Look, I’m not a huge fan of the hot weather we get here in summer. I have a lot of fur and no actual sweat glands, so it’s not really what I’m suited for, let’s just say. But I also was not meant to live in weather that makes my pee freeze as it exits my body. This weather is actually more for my friends the sled dogs who often live up with Santa and that freak of nature, Rudolph. (He’s a nice guy, but the red nose is kind of blinding when you’re trying to just hang out and chew a bone with him.) I just can’t get behind weather that entails me needing to humiliate myself with booties. I simply won’t wear them, but then when I go outside and my paws literally freeze after a brief jaunt around the yard, it makes me think my ego isn’t serving me.
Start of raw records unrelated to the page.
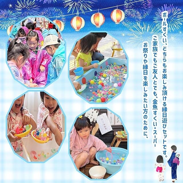夏祭りの雰囲気を自宅で楽しめる完璧なセットです!伝統的な日本の縁日の定番、金魚すくいとスーパーボールすくいが一つのパッケージに。お子様の誕生日パーティーやイベント、家族での楽しい時間作りに最適です。子ども会や夏祭りの出し物としても大人気。自宅で本格的な縁日気分を味わえる、夜店の雰囲気たっぷりのセットです。夏の思い出作りに欠かせないアイテムで、お子様の歓声が聞こえてきそうな楽しいおもちゃセット。室内外問わず、いつでもどこでも縁日気分を演出できます。家族や友達と一緒に、懐かしい縁日の雰囲気を存分に楽しめる、思い出に残る夏のレクリエーションアイテムです。
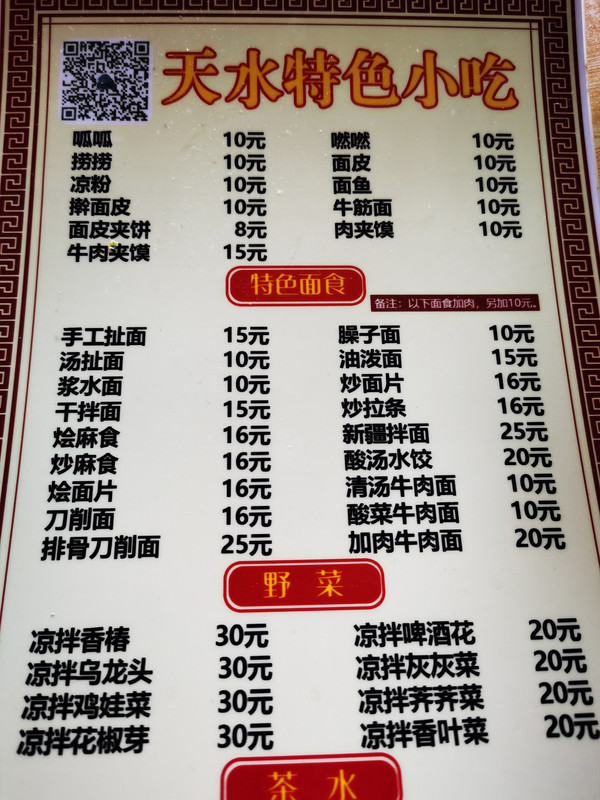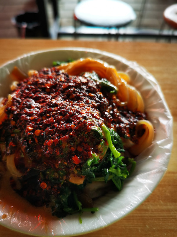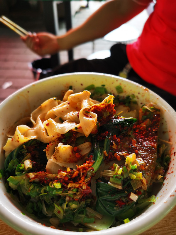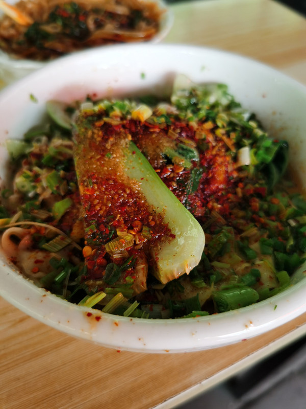 大西北的面食绝对是优秀,各种碳水变换着形式做出各种花样。比如呱呱,捞捞,嘫嘫。。。。。就是特色中的特色,均是由荞麦淀粉、豆类淀粉、土豆淀粉等杂粮粉制成。可选择三拼的形式,满满一碗杂粮粉,配上当地的野菜,再浇上香喷喷的油辣子。。。。。这是我在在景区吃过的最有特色也是最美味的小吃了。
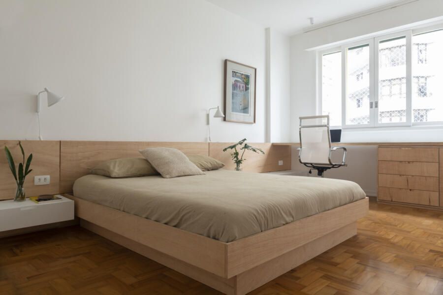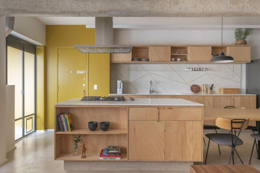 A marcenaria foi outro elemento protagonista: todo o mobiliário foi executado em compensado de Sumaúma, dispensando revestimentos adicionais e revelando o tom caramelado natural da madeira, que se tornou o acabamento final e trouxe identidade única ao apartamento.

The other thing this Polar Vortex doesn’t seem to understand is that when it’s 50 degrees below zero, the schools close around here, which means the kids are home all day causing havoc. Remember, I like them and all, but seriously, there is such a thing as too much family time. I take the weekdays to savor in some quiet time with me and my girl. She does work, I sit where I can see her if she moves, we might go for a walk or I go to work with her, I might get a chew stick, etc. It’s our time. Not to mention, she gets a little high strung when the kids are home and can’t go outside. (I say “a little” because she might read this.)
So, Polar Vortex, with all due respect, I’m done. I’m a man of habit and routine, and you have severely messed with all of that. Please move on and don’t drag behind you the hottest summer we’ve ever experienced. What would they call that? The Solar Misery?